Опубликовано в журнале Нева, номер 7, 2015
Владимир Павлович Соколов (Наугад Верхолосевский) родился в 1988 году в Красноярске. Печатался в альманахах «Новый енисейский литератор», «Пять стихий». С группой «Бронзовый век» занимал призовые места на фестивалях «Новая весна».
Автобус (Ушел)
Словно засыпанный жгучим перцем,
Словно завален банальными фразами,
Сделал вид, что заметил пулю под сердцем,
Хотя все, кто стреляли, явно промазали.
Так надушусь перед смертью, да и лягу в могилу —
На планете, чьим символом является глобус.

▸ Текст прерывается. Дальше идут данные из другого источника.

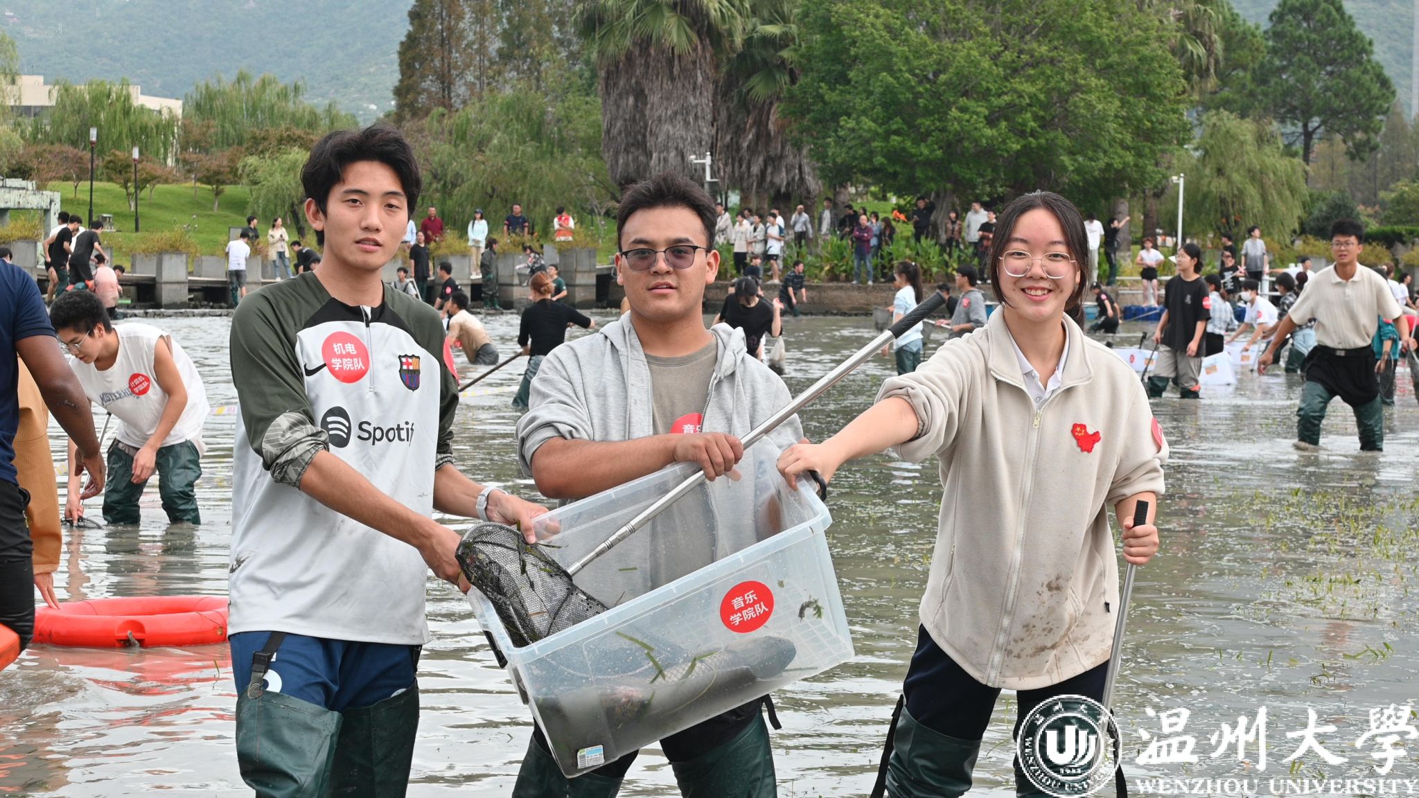 据悉,此次捕鱼节共吸引18个学院超200名师生参与,捕获总重近200斤,单只最重6斤。温大捕鱼节活动自举办以来,已逐渐成为校园内一项备受欢迎的特色活动。“举办捕鱼节一方面是为了维持明心湖水域的生态平衡,促进湖中水草的恢复,另一方面也是响应国家新时代劳动教育的要求,引导同学们积极参加劳动,养成勤于学习、善于实践,踏实劳动、勤勉劳动的良好习惯。”温大党委副书记庄兴忠说,未来,学校计划探索更多寓教于乐的劳动教育方式,进一步推动劳动教育的普及与发展,让学生在实践中学习,在学习中成长,努力培养更多具有社会责任感和实践能力的高素质人才。

Ибо я все понял — жизнь несправедлива:
От меня ушел автобус!
Оттого я грущу, словно рыба в тарелке,
И с фатальной тоской наблюдаю за вилкой.
Тут дорога одна — как водится, welcome!
Не сбивают с толку никакие развилки.
Отчего я не сокол — не покидаю
Планету, чьим символом является глобус?
И сплетням о рае не доверяю:
От меня ушел автобус!
Возможно, мое наблюдение ложное,
Но я остро чувствую всей своей кожею,
Что все пути, так отчетливо схожие,
Все-таки разные и не похожие.
Это не значит, что кто-то ошибся
И что есть виновные на этом глобусе.
Просто я полез в небо, упал и ушибся.
Да и что говорить — тяжело без автобуса.
Он притворялся мягкой машиной,
Я понимал, что это неправда.
Ах, как ему к фарам шли эти шины,
Как он смущался под пристальным взглядом…
Где ты гуляешь, где ты блуждаешь,
По планете, чьим символом является глобус…
С кем ты теперь свое время теряешь,
Мой хороший, родной, мой любимый автобус…
Адам
Миражи четких планов назавтра испаряются — импровизируй,
Исчезают знакомые лица, растворяются, рвутся — прощайся.
Все закончится сдержанным всхлипом, а начнется заливистым смехом.
Растревожив обитель сознания, пропадут эти нежные руки.
Адам подумал: «Чем я не Орфей — я должен следовать за ней».
Недоступные беглому взгляду, расцветают сакральные тайны,
Увлекая излишне усердных в дебри мутных словосочетаний.
Всех наград — лишь следы за спиною, пусть по ним угадают потомки
Мотивацию каждого шага и всего путешествия в целом.
Адам подумал: «Чем я не Орфей — я должен следовать за ней».
Облака, не тушуясь, спокойно превращаются в то, что ты видишь.
Ободряют, наверно, а может, просто как-то вот так получилось.
В силуэте средь ночи узнаешь свою Еву, свою Эвридику,
Не догонишь — она хочет видеть все, что только бывает на свете.
Адам подумал: «Чем я не Орфей — я должен следовать за ней».
Шаман
Радуйтесь! Ибо отныне никто не откроет закрытые двери,
И не закроет открытые, и не нарушит Эпоху Баланса.
Вой о любви, мой нелепый шаман, не беда, что тебе не поверят,
Ной об упущенном и посвящай Богу эти распутные танцы.
Все, что отныне приснится тебе, уже снилось кому-то другому —
Сломанным старым игрушкам и вскрытым, сугубо на публику, венам.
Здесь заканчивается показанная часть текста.